## INFORMATION SHOWN
---

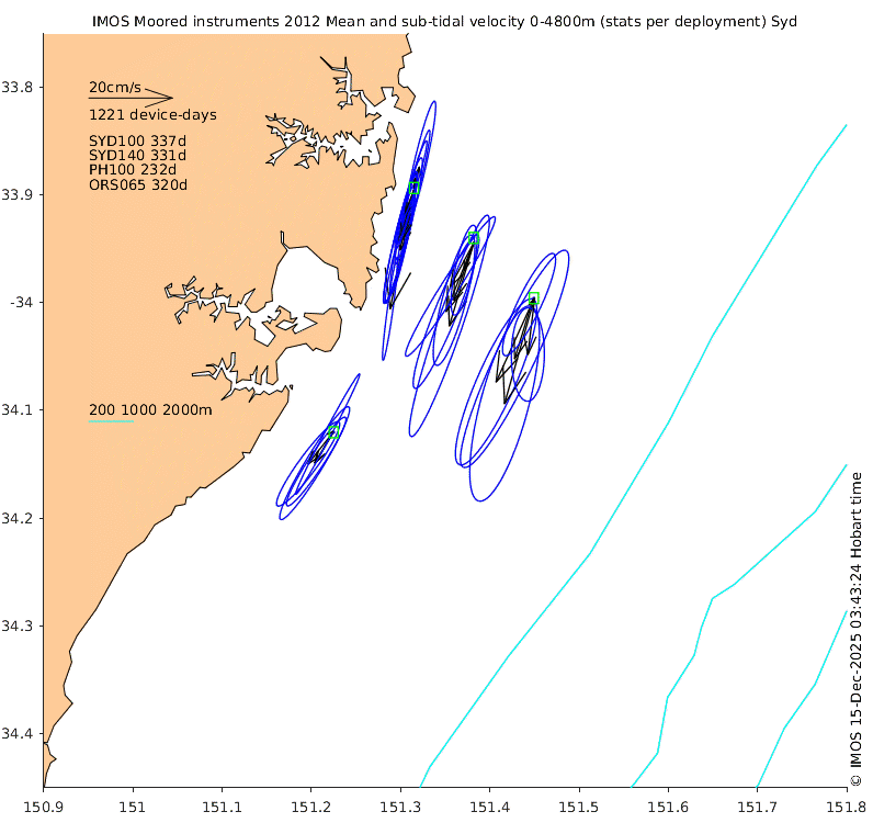 These maps show some basic analyses of the velocity data: mean (all-time in black and seasonal in colour) and sub-tidal variance for several layers and time-windows, and tidal harmonics for the depth-average velocity using the whole record. Click through to see more detailed plots of the selected dataset or to download those data from the AODN thredds server.
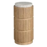 The Carmen Spot Table, a sleek and minimalist design, offers a unique blend of form and function. Its tall, slender silhouette, topped with a smooth stone surface, is perfect for holding a single drink or a small decorative object. The table’s distinctive vertical texture adds a touch of elegance, making it a versatile piece for any room.
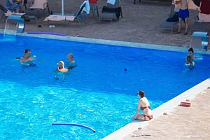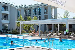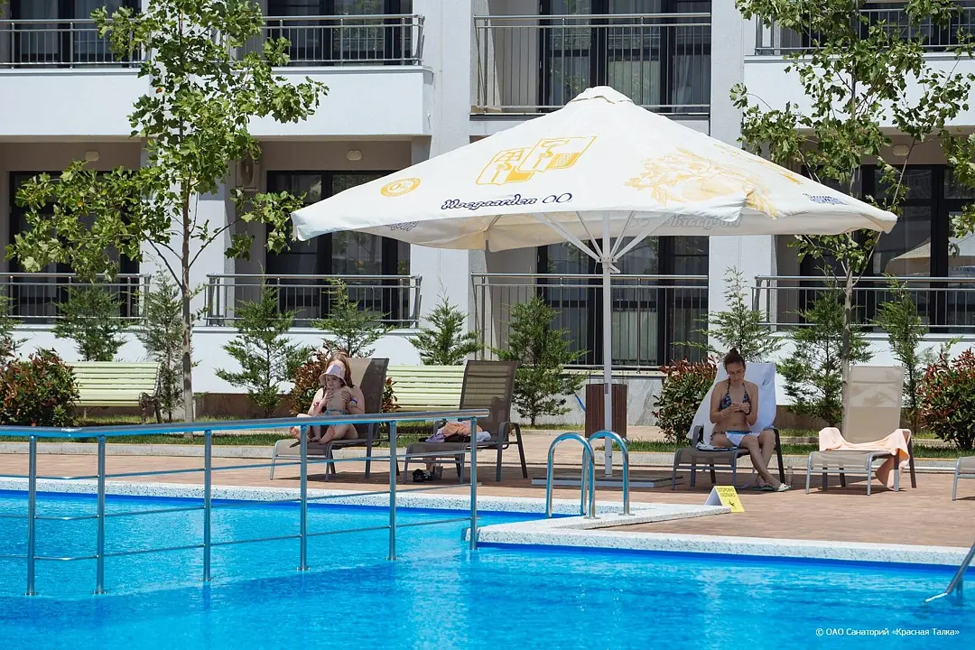 На территории пансионата находится просторный открытый бассейн с подогревом, который обеспечивает комфортное купание в любое время года. Для расслабления гостей предусмотрены два водопада для массажа. Для маленьких посетителей создана специальная зона — детский бассейн, отделённый от основного безопасными перилами для максимальной защиты детей. В центре детского бассейна расположен гейзер, который создает эффект аэромассажа и дарит детям море удовольствия.

---

## WHAT TO WORK ON
Give back the whole listing as it stands, minus its pictures.

## THE ANSWER
 These maps show some basic analyses of the velocity data: mean (all-time in black and seasonal in colour) and sub-tidal variance for several layers and time-windows, and tidal harmonics for the depth-average velocity using the whole record. Click through to see more detailed plots of the selected dataset or to download those data from the AODN thredds server.
 The Carmen Spot Table, a sleek and minimalist design, offers a unique blend of form and function. Its tall, slender silhouette, topped with a smooth stone surface, is perfect for holding a single drink or a small decorative object. The table’s distinctive vertical texture adds a touch of elegance, making it a versatile piece for any room.
 На территории пансионата находится просторный открытый бассейн с подогревом, который обеспечивает комфортное купание в любое время года. Для расслабления гостей предусмотрены два водопада для массажа. Для маленьких посетителей создана специальная зона — детский бассейн, отделённый от основного безопасными перилами для максимальной защиты детей. В центре детского бассейна расположен гейзер, который создает эффект аэромассажа и дарит детям море удовольствия.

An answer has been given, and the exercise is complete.